Methods: After presenting theoretical foundations, this study illustrates the approach by applying it to six hospital glucose meter systems (GMSs) using clinical multi-center (n=2767) and multi-system (n=613, n=100) observations.
Results: LS MAD curves identified breakouts, that is, points where the locally-smoothed median absolute difference (LS MAD) curve exceeds the recommended error tolerance limit of 5 mg/dL (0.28 mmol/L). LS maximum absolute difference (MaxAD) breakthroughs, which occur where the LS MaxAD curve exceeds the 99th percentile of MaxADs from x=30–200 mg/dL (1.67–11.10 mmol/L), showed extreme error locations. A multi-sensor interference- and hematocrirt-correcting GMS displayed a flat LS MAD curve until it reached a breakout of 179 mg/dL (9.94 mmol/L) and generated breakthroughs that could affect bedside decision-making, but less erratically than other systems with inadequate performance for hospital critical care. We discovered Class I (meter high, reference low) and Class II (converse) discrepant values in some systems. Class I errors could lead to inappropriate insulin dosing and hypoglycemic episodes in tight glucose control.

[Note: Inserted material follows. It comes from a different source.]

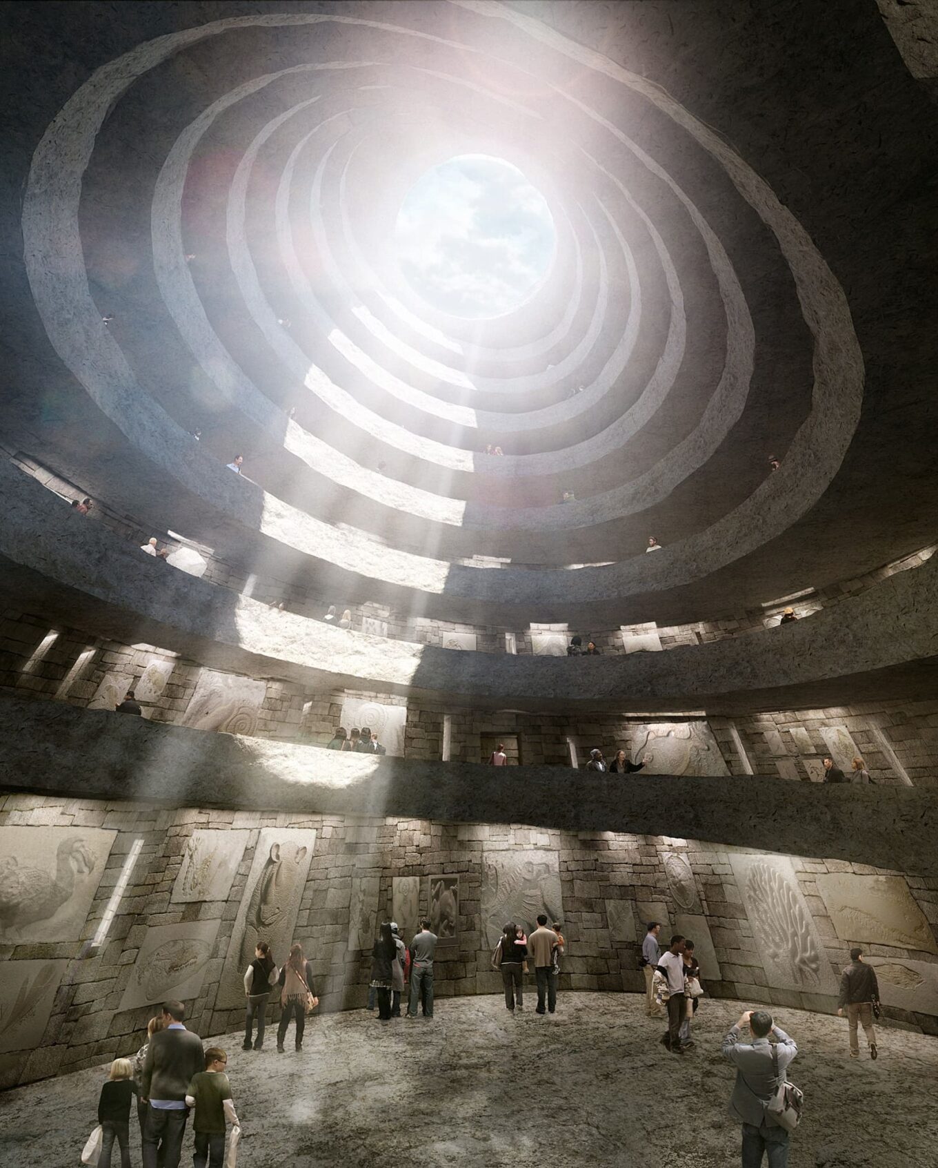 Проходи між ними символізують 22 країни, де євреї знищувалися під час Голокосту. Щоб потрапити всередину, відвідувачеві доведеться пройти через один із цих отворів, кожен із яких приведе до великої зали, яка служить місцем роздумів, а також переходом до підземного освітнього центру.

Conclusions: LS MAD-MaxAD curves help assess the performance of point-of-care testing. Visual mapping of systematic and random errors locally over the entire analyte measurement range in a single integrated display is an advantage when considering the adverse impact of zones of poor quantitative performance on specific clinical applications, threshold-driven bedside decisions and the care of critically ill patients.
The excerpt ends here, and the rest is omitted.